Я стал придумывать стихи, что-то придумал, но Иван Сергеевич остался недоволен. Да и что бы я мог придумать, не зная, для каких художественных соображений нужны стихи и в каком тоне (а тон тут главное). Через несколько дней Тургенев прочел мне:


"Месяц стал, как круглый щит,

Как змея, река блестит,

Друг проснулся, недруг спит --

Ястреб курочку когтит. Помогай!.."


-- Ну что, хорошо? -- спросил он.

-- Должно быть, хорошо, хоть я и не понимаю, зачем тебе это нужно?

Тургенев, довольный, удалился в кабинет свой.

Вышеупомянутые стихи каждый может прочесть в рассказе "Песнь торжествующей любви" -- это те самые стихи, которые бормочет Муций в ответ на расспросы смущенного Фабия.

У себя в комнате нашел я пустую, непочатую тетрадку и, не надеясь на память, задумал иногда вносить в нее кое-какие заметки. Так я записал:

"В одной плясовой народной песне Тульской губернии следующий припев:


Две метелки,

Два снопа,

Грабли да лопата!"


"Крестьяне Мценского уезда говорят: "крох налоя" вместо "вокруг аналоя".

Я и не думал, что тетрадь эта вся будет наполнена чем-то вроде отрывочного дневника (по большей части без чисел) и что она-то именно и поможет мне написать эти воспоминания. (Но разве я мог знать, что переживу Тургенева!)

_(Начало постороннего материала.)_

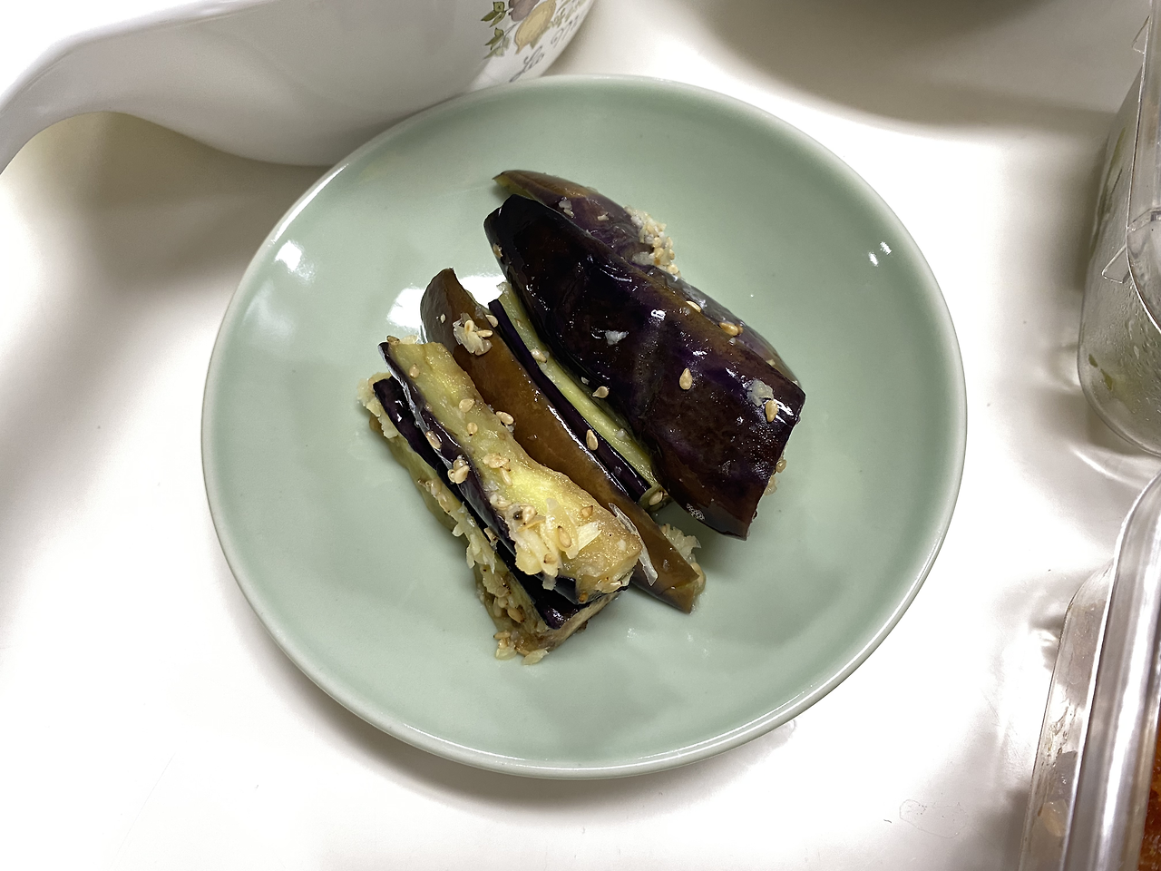 그런 내가 오늘 가지를 사서 구운 가지장을 한 번 만들어 보았다. 아이와 함께 먹기 좋아 보이는 누군가의 레시피를 어설프게 따라 해 보았다. 가지를 사서 먹기 좋은 크기로 이리저리 자르고 올리브유를 두른 팬에 살짝 구워준다. 소금도 뿌려준다. 잘 구워진 가지는 반찬통에 넣어두고 양념장을 만든다. 간장, 올리고당, 다진 마늘, 식초를 넣고 소금도 조금 톡톡 뿌려준다. 물도 적당히 넣어준 후 전자레인지에 1분 정도 윙 돌려준다. 그렇게 만들어진 양념장을 가지가 담긴 반찬통에 자작하게 넣어주면 끝난다. 아직 간이 배이지 않았을 가지 몇 조각을 아이에게 잘라주고, 접시에 담아 남편에게도 내놓아 보았다.
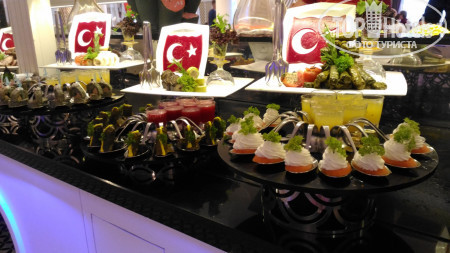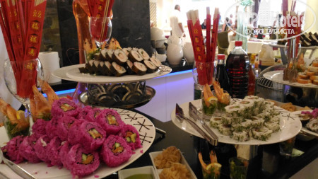 Питание. Еду и напитки можно взять только через персонал, что не очень удобно. Вечером на улице не всегда видно, что готовят на гриле. В принципе все есть и всего много, но вот приготовлено не всегда вкусно. Всегда есть различное мясо (тушенное, жареное, гриль), рыба, салаты, суп, большой выбор пироженных, фрукты. Делаются тематические вечера. Алкоголь, как обычно в отелях такого уровня, не очень. Перекусить можно на пляже, но выбор очень маленький. Очередей как таковых нет. Время завтрака и обеда позволяет найти всегда свободный столик, а вот ужин в этом отеле не очень удобен по времени с 18.30 до 20.30., нужно подходить либо к началу ужина, либо уже в 19.30 иначе сложно найти посадочное место. Официанты убирают посуду и приносят напитки, но лучше благодарить деньгами.
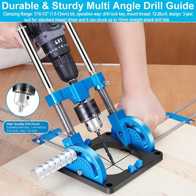 Portable Drill Guide, Multi Angle Drill Guide for Straight Holes, Self-Centering Pins, Drilling Jig w/Chuck & Key, Adjustable Angle from 0° to 60°, Chuck Clamping Range for 1/16-1/2" (1.5-13mm)
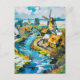 Acrylic fantasy painting of a vibrant Dutch countryside with traditional windmills, colorful houses, and flowing water channels under a glowing sky. The rich colors and dynamic brushwork create a lively, storybook atmosphere that blends rural charm with cultural beauty. Ideal for home decor, travel‑themed products, calendars, greeting cards, and editorial visuals inspired by European landscapes.
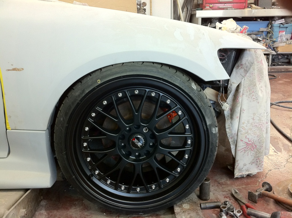 That paint is looking awesome! I like the new wheels better than the other ones that didn't fit, the silver bolts just didn't look right.
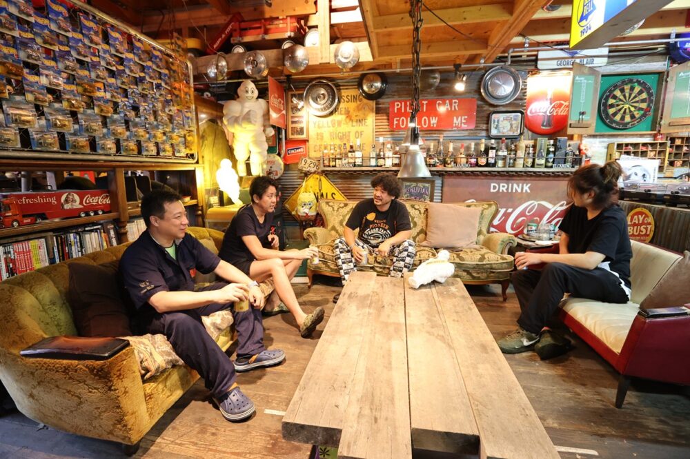 こうして収集したヴィンテージ雑貨をガレージにちりばめ、居心地のよい空間を演出。趣味の仲間が集まる秘密基地のような存在になっている。
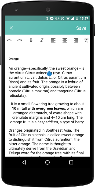 6. Tap again to see it with formatting and once again to enter the edit mode. Here you can change the text itself and also manage the formatting with the help of the toolbar on the top:
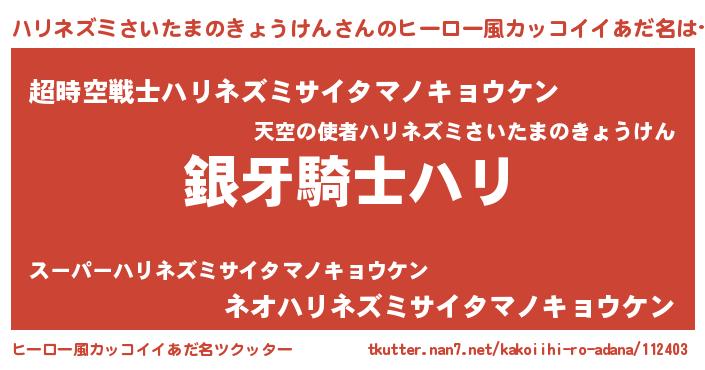 | 意味不明あだ名 | 『とにかく怪しいハリネズミさいたまのきょうけん』 |
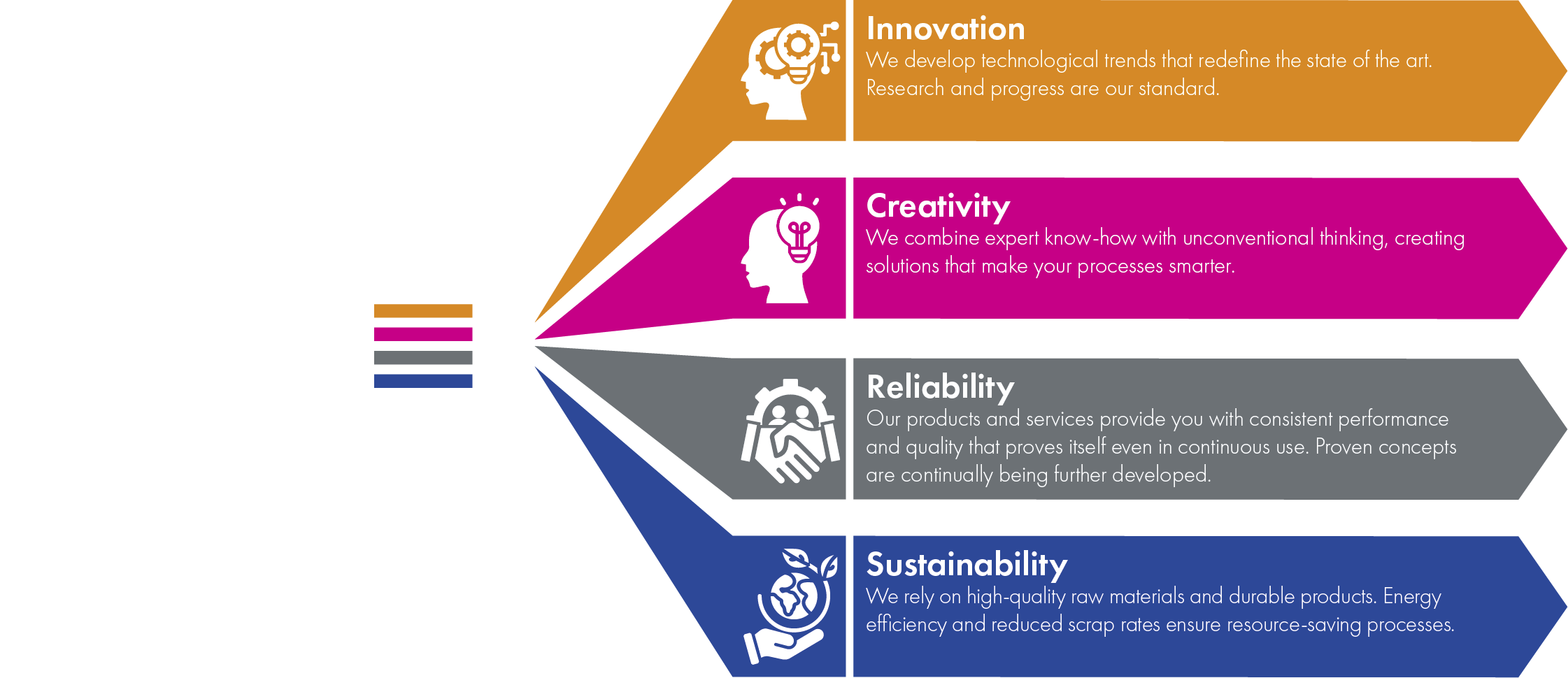 At the ABICOR GROUP, orange represents the courage to innovate, magenta represents boundless creativity, gray represents trust and reliability, and blue represents our commitment to sustainable thinking and action. Taken together, they represent our promise of a strong, future-oriented partnership – for our customers.
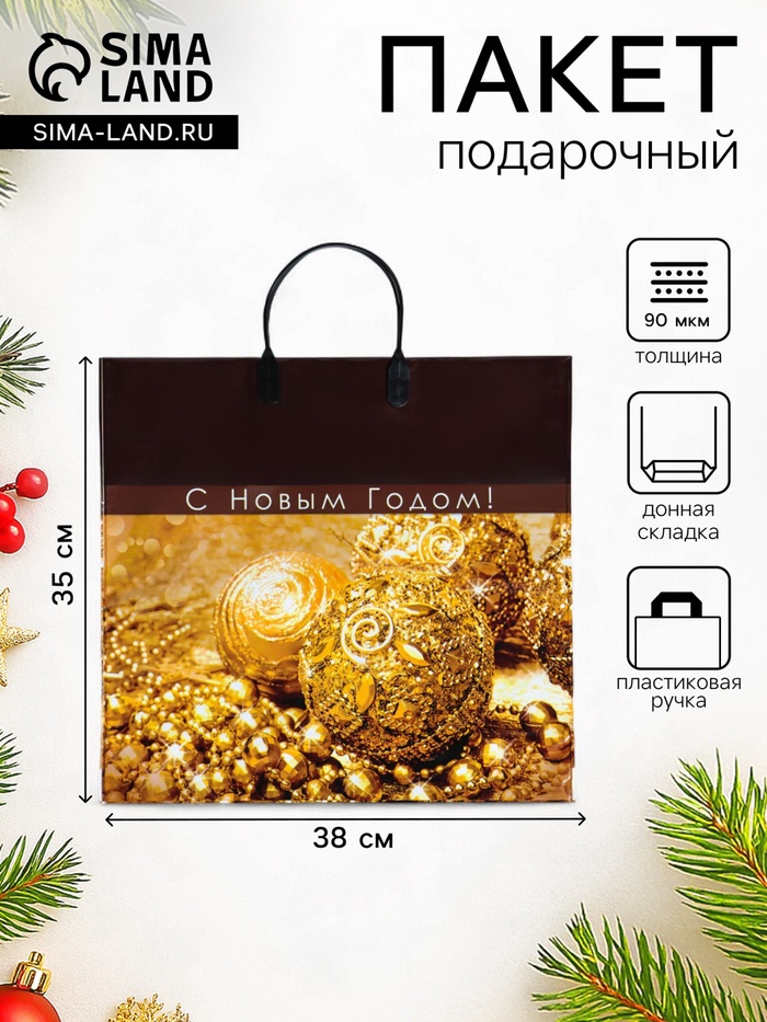 Пакет подарочный новогодний «Золотая сказка», полиэтиленовый с пластиковой ручкой, 38×35 см
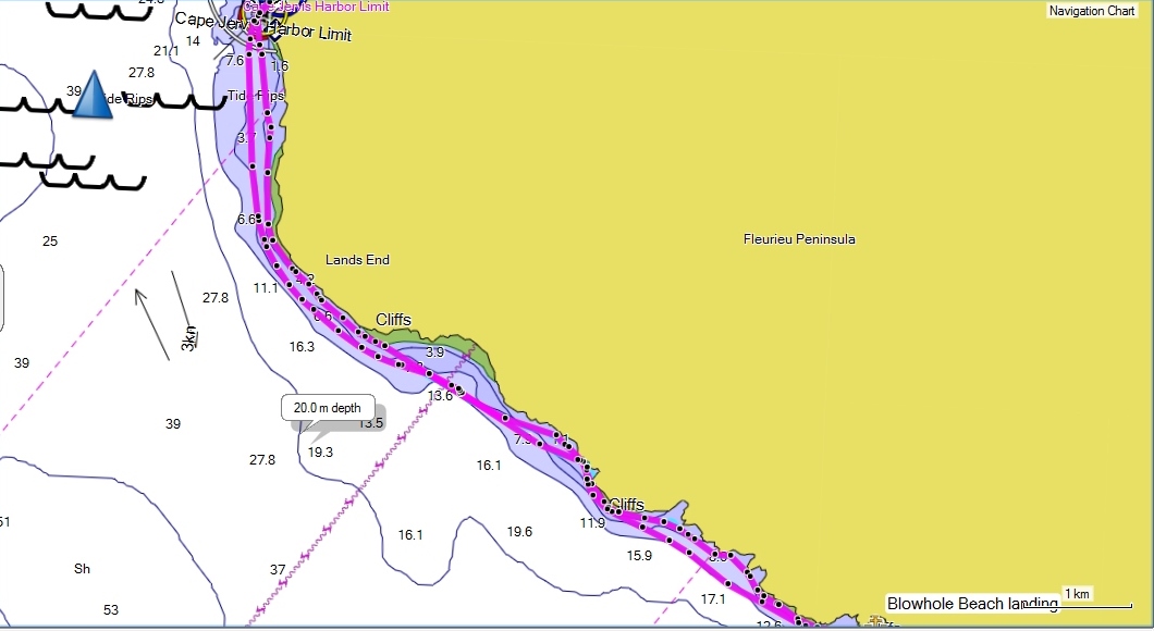 We reached Lands End and passed close in at Whites Beach where the underwater power cable goes to Kangaroo Island.
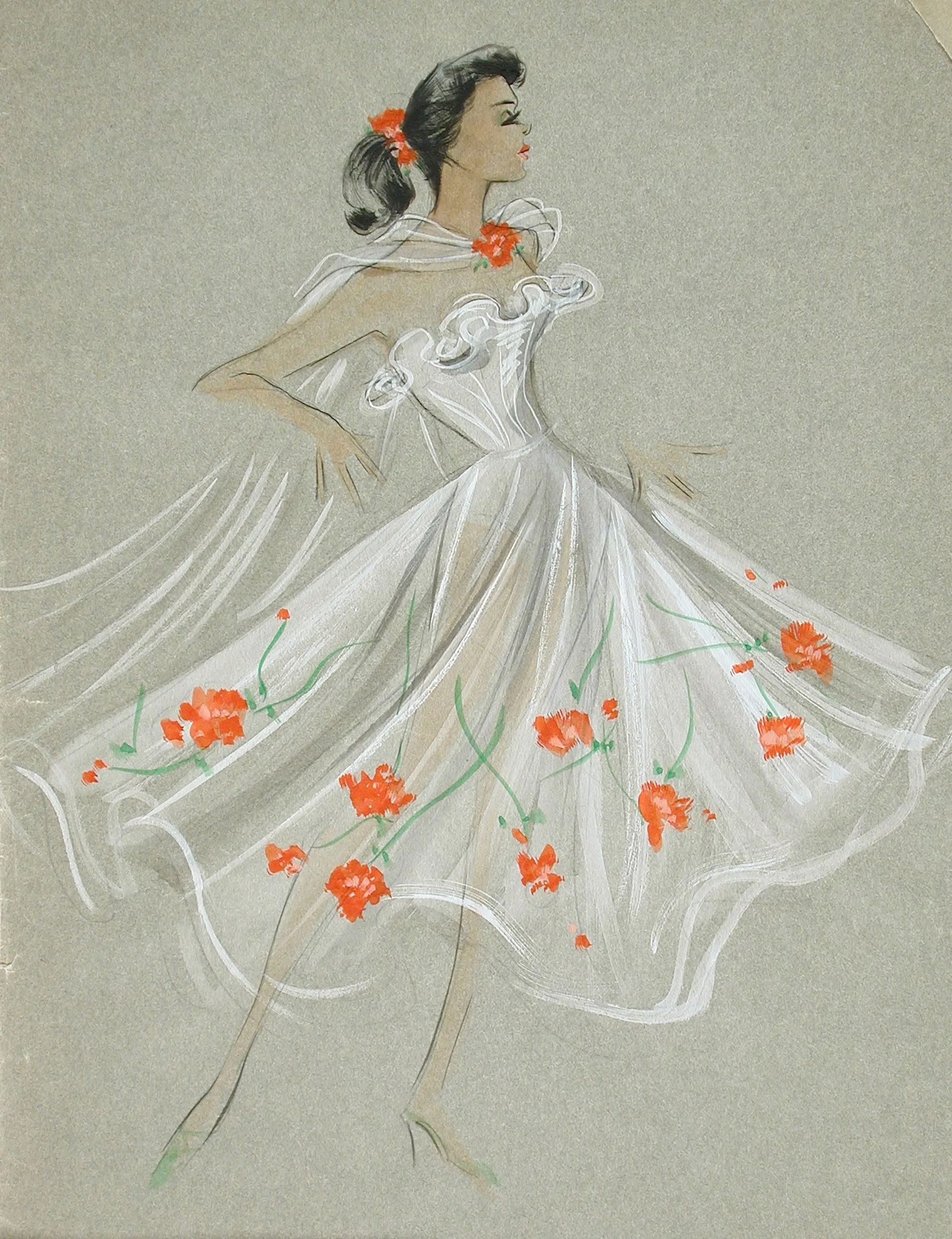 Fashion illustration in gouache and chalk on gray paper, full-length woman in a swirling white off-the-shoulder dress decorated with orange-red flowers and green stems
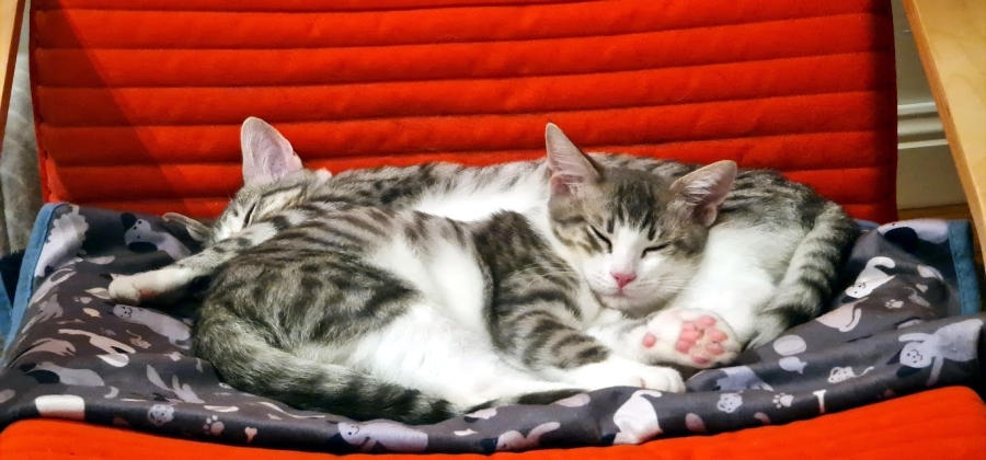 Charlie & Lola are not as trusting and relaxed (at this stage) as kittens of their age usually are. I am confident given more time spent with patient person/people this will change as they have come a long way since in our care. Initially hiding and afraid of noise/sudden movements etc. They both now ‘hang out’ with the person/people they feel safe with and seek their company, sitting close (I think they will both be bed/couch cats - always they head for the couch when exploring the main areas of the house) and generally wanting to be with people. They both love to play and actively engage when we play with them. They both enjoy playing with one another and groom each other. Charlie & Lola are most bonded siblings and rely to some degree on one another. Charlie initially seems the more confident of the pair (Charlie currently enjoys more touch pats/brushes than Lola); he is definitely curious but Lola is the one to come first for food and loves to explore - she especially loves the high cat tower. Both kittens discovered they love to sleep in the high cat tower beds soon after they arrived, they both feel safe when nice and high. I do often find them sleeping on the couch too.! These kittens have been a joy to care for and rewarding to see how much confidence they have been gained in a relatively short time. They will bring such joy to whoever is fortunate to welcome them into their lives.
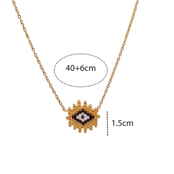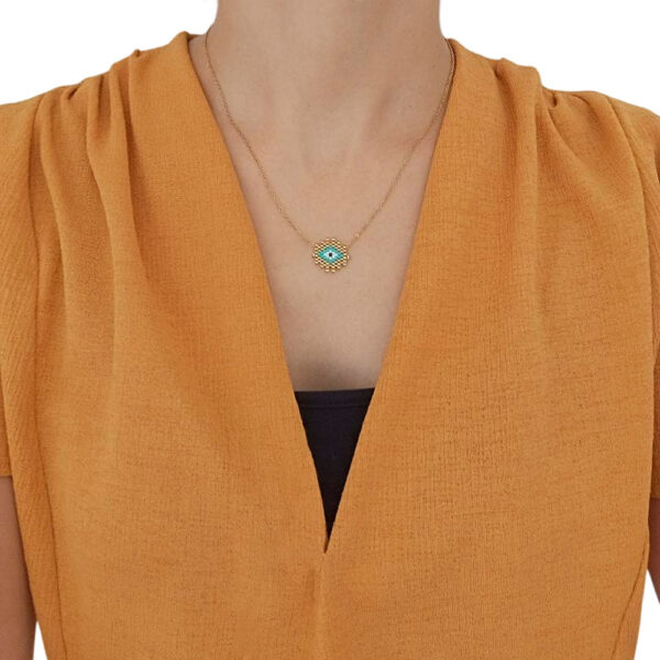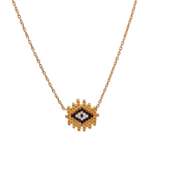 Εντυπωσιακό κολιέ από ανοξείδωτο ατσάλι με μοτίφ ματάκι, φτιαγμένο από πολύχρωμες χάντρες Miyuki. Ένα διακριτικό αλλά και προστατευτικό σύμβολο που προσθέτει boho και μοντέρνα πινελιά σε κάθε εμφάνιση. Ιδανικό για καθημερινή χρήση ή ως ξεχωριστό δώρο. Διατίθεται σε μαύρο, μπλε και τυρκουάζ.
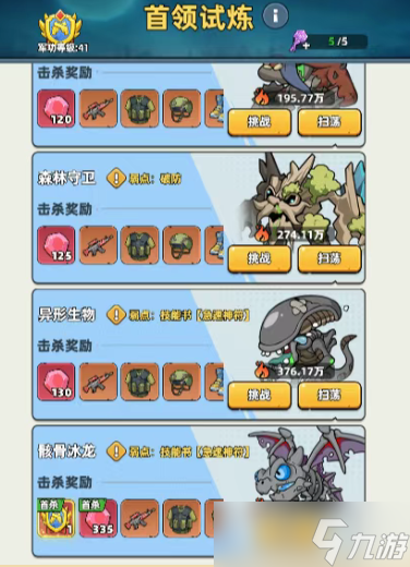 4、勇闯试验塔:闯关可以获得罐头和钞票,每当达到一定层数时可以额外获得罐头、士兵识别牌和钻石。
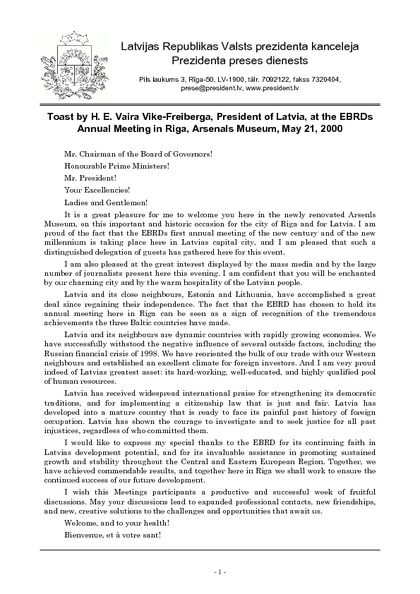 Toast by H. E. Vaira Vike-Freiberga, President of Latvia, at the EBRDs Annual Meeting in Riga, Arsenals Museum, May 21, 2000
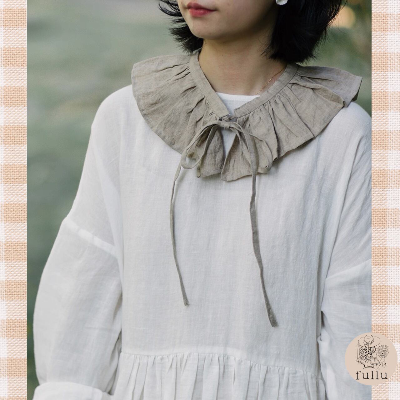 シンプルなコーデにアクセントを添えるリネン100%のつけ襟です。
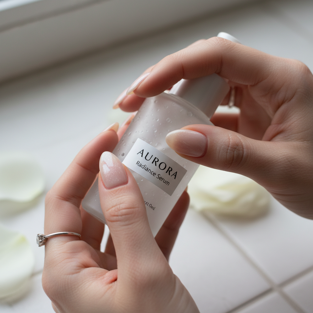 Close-up of creator hands holding beauty product with manicured nails
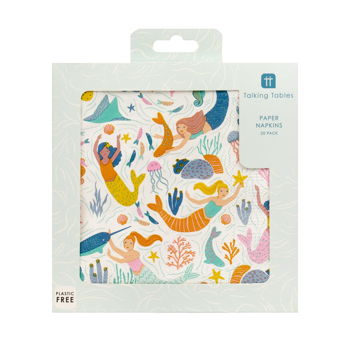 Perfekt für kleine Meerjungfrauen-Fans: Diese fröhlich illustrierten Servietten entführen Kinder in eine lebendige Unterwasserwelt voller Fische und zauberhafter Meerjungfrauen und bringen Fantasie und Farbe auf jeden Partytisch.
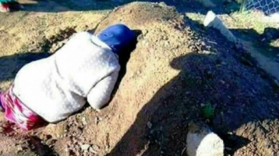صورة مؤثرة أبكت العالم.. أم منهارة على قبر ابنها تبكي فقدانه بحرقة
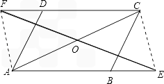 如圖,在平行四邊形ABCD中,E、F分別是邊AB、CD的延長(zhǎng)線上一點(diǎn),且BE=DF,連接EF交AC于O.

Началось с того, что я записал экспромт, который сложился в уме Ивана Сергеевича после одной очень долгой и горячей беседы.

Не обладая громадною памятью, приводить здесь наши долгие беседы или споры, если они тотчас же не были записаны, значит заведомо лгать на себя и лгать на Тургенева. Но экспромт все-таки требует некоторых пояснений.

Философские убеждения Тургенева и направление ума его имели характер более или менее положительный и под конец жизни его носили на себе отпечаток пессимизма. Хоть он и был в юности поклонником Гегеля, отвлеченные понятия, философские термины давно уже были ему не по сердцу. Он терпеть не мог допытываться до таких истин, которые, по его мнению, были непостижимы.-- "Да и есть ли еще на свете непостижимые истины?" -- Так, например, он любил слово: "природа" и часто употреблял его и терпеть не мог слова "материя"; просто не хотел признавать в нем никакого особенного содержания или особенного оттенка того же понятия о природе.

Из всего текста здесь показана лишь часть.